ECLI:NL:RBDHA:2020:14979

Rechtbank Den Haag

Datum uitspraak
13 november 2020
Publicatiedatum
13 augustus 2021
Zaaknummer
NL19.25860
Instantie
Rechtbank Den Haag
Type
Uitspraak
Rechtsgebied
Bestuursrecht; Vreemdelingenrecht
Procedures
  • Eerste aanleg - enkelvoudig
Vindplaatsen
  • Rechtspraak.nl
AI samenvatting door LexboostAutomatisch gegenereerd

Asielaanvraag en interstatelijk vertrouwensbeginsel in het kader van Dublinverordening

In deze zaak heeft de Rechtbank Den Haag, zittingsplaats Utrecht, op 13 november 2020 uitspraak gedaan in de asielprocedure van een alleenstaande moeder en haar minderjarige kinderen. De eisers, vertegenwoordigd door mr. A.C.J. Letmaath, hebben beroep ingesteld tegen de besluiten van de Staatssecretaris van Justitie en Veiligheid, die hun asielaanvragen niet in behandeling heeft genomen op grond van de Dublinverordening. De rechtbank heeft vastgesteld dat Italië verantwoordelijk is voor de behandeling van de asielaanvragen, aangezien eisers daar eerder een aanvraag hebben ingediend.

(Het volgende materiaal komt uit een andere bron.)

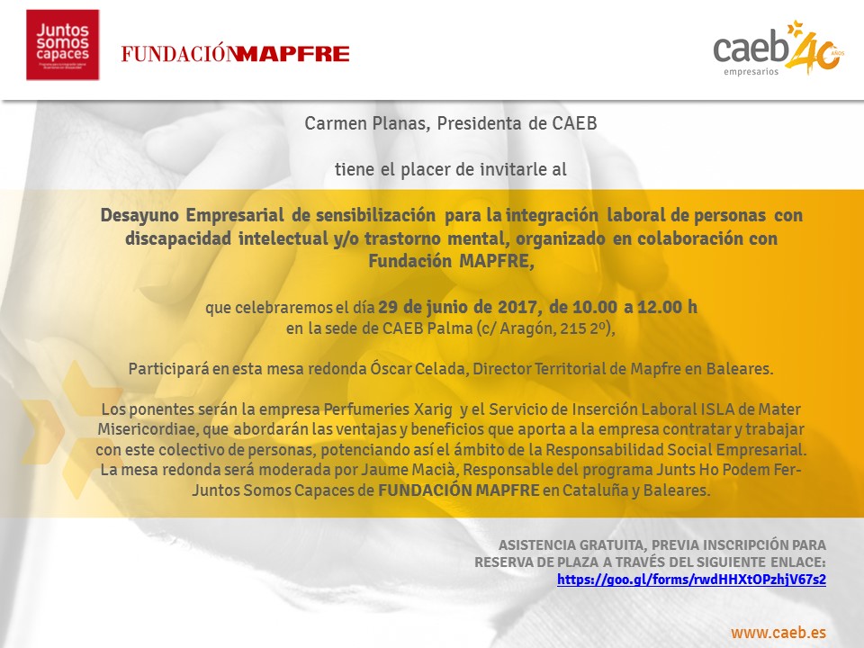 jueves 29th junio 2017 De 10:00 AM A 12:00 PM Calle Aragón 215 Palma de Mallorca, España Precio Gratuito Desayuno Empresarial de sensibilización para la integración laboral de personas con discapacidad intelectual y/o trastorno mental Detalles Fecha: 29/06/2017 Hora: 10:00 - 12:00 Precio: Gratuito Categorías del Evento: Empresas, Responsabilidad Social Corporativa Lugar CAEB Mallorca Calle Aragón 215 Palma de Mallorca, Baleares 07008 España Teléfono: 971706010 Página Web: www.caeb.es DESCARGAR INVITACIÓN PLAZAS LIMITADAS: 30 + Google Calendar+ Exportar iCal

Eisers hebben verzocht om een voorlopige voorziening om te voorkomen dat zij aan Italië worden overgedragen totdat op hun beroepen is beslist. De voorzieningenrechter heeft dit verzoek eerder toegewezen, maar de rechtbank heeft in deze uitspraak geoordeeld dat de omstandigheden van eisers niet zodanig zijn dat er een reëel risico bestaat op een behandeling die in strijd is met artikel 3 van het EVRM. De rechtbank heeft daarbij verwezen naar uitspraken van de Afdeling bestuursrechtspraak van de Raad van State, die hebben geoordeeld dat Italië zijn verdragsverplichtingen nakomt en dat er geen structurele tekortkomingen zijn in de opvang van asielzoekers.

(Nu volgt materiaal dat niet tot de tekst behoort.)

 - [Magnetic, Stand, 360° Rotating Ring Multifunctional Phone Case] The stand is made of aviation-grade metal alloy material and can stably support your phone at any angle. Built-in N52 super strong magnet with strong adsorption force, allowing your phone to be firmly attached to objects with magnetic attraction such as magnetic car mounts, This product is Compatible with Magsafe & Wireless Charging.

De rechtbank heeft geconcludeerd dat eisers niet aannemelijk hebben gemaakt dat in hun geval het interstatelijk vertrouwensbeginsel niet kan worden toegepast. De rechtbank heeft de beroepen van eisers ongegrond verklaard en geen aanleiding gezien voor een proceskostenveroordeling. De uitspraak is openbaar gemaakt en kan worden aangevochten bij de Afdeling bestuursrechtspraak van de Raad van State binnen een week na bekendmaking.

Uitspraak

RECHTBANK DEN HAAG
Zittingsplaats Utrecht Bestuursrecht zaaknummer: NL19.25860
uitspraak van de enkelvoudige kamer in de zaken tussen
[eiseres] ,eiseres (V-nummer: [V-nummer] ) mede namens haar minderjarige kinderen,
[kind](V-nummer: [V-nummer] )
en
[eiser](V-nummer: [V-nummer] ) hierna gezamenlijk eisers (gemachtigde: mr. A.C.J. Letmaath),
en
de Staatssecretaris van Justitie en Veiligheid, verweerder (gemachtigde: mr. A.M.H. van de Wal).
Procesverloop
In de besluiten van 28 oktober 2019 (de bestreden besluiten) heeft verweerder de asielaanvragen van eisers niet in behandeling genomen.
Eisers hebben tegen de bestreden besluiten beroep ingesteld. Verder hebben zij de voorzieningenrechter verzocht een voorlopige voorziening te treffen.
In de uitspraak van 19 november 20191 heeft de voorzieningenrechter het verzoek toegewezen en bepaald dat eisers niet mogen worden overgedragen aan Italië totdat op hun beroepen is beslist. De beroepsprocedures zijn tot nader orde aangehouden.
Op 8 april 2020 heeft de Afdeling bestuursrechtspraak van de Raad van State (ABRvS) twee uitspraken gedaan2 die van belang zijn voor deze beroepsprocedures.
Op 15 en 16 oktober 2020 hebben partijen gereageerd op de twee uitspraken van de ABRvS en wat dit betekent voor de beroepsprocedures.
Omdat geen van de partijen, nadat zij zijn gewezen op hun recht ter zitting te worden gehoord, heeft verklaard dat zij gebruik wil maken van dit recht, heeft de rechtbank bepaald dat het onderzoek ter zitting verder achterwege blijft. Vervolgens is het onderzoek gesloten.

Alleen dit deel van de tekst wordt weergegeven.